The short version
Most SEO agency lies have not really changed since 2016. They still promise number-one rankings, thousands of backlinks, and secret algorithm knowledge that does not exist. The AI search era has added a fresh layer on top, including guaranteed citations in Google AI Overviews and AI-written content at scale. Before you sign with any SEO agency, run the ten questions at the bottom of this article past them. The answers will tell you what kind of agency you are dealing with.
Why this matters more in 2026
We first published this article back in 2016, when SEO felt like a dark art. A decade on, it is still a dark art. The difference is that AI Overviews (the AI-generated summaries Google now shows at the top of many searches), ChatGPT, Perplexity and Gemini have changed how people actually find businesses. That has given a new generation of SEO salespeople fresh ground to over-promise on.
The good news is that the classic lies have not really changed. If you can spot those, you can spot the new AI-era versions too. Below are the eleven we hear most often when business owners come to us after a bad SEO experience.
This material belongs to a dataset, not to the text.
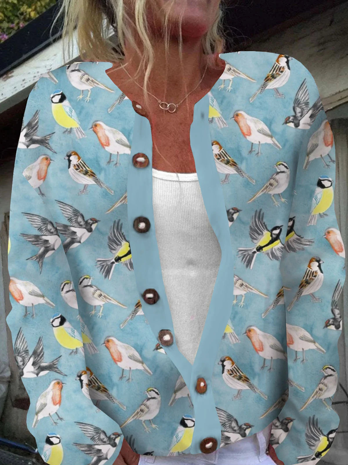 Loose Long Sleeve Bird Casual Regular Cardigan

The classic lies that have not gone away
1. “I can guarantee you number-one rankings on Google”
Nobody can guarantee something they do not control. Only Google controls Google rankings, and even Google does not control them in any predictable way. Results are personalised, they depend on the exact wording of the query, and they get retested constantly.
Google itself has been clear on this for years. From Google’s own guidance for hiring an SEO:
“No SEO can guarantee a #1 ranking on Google.”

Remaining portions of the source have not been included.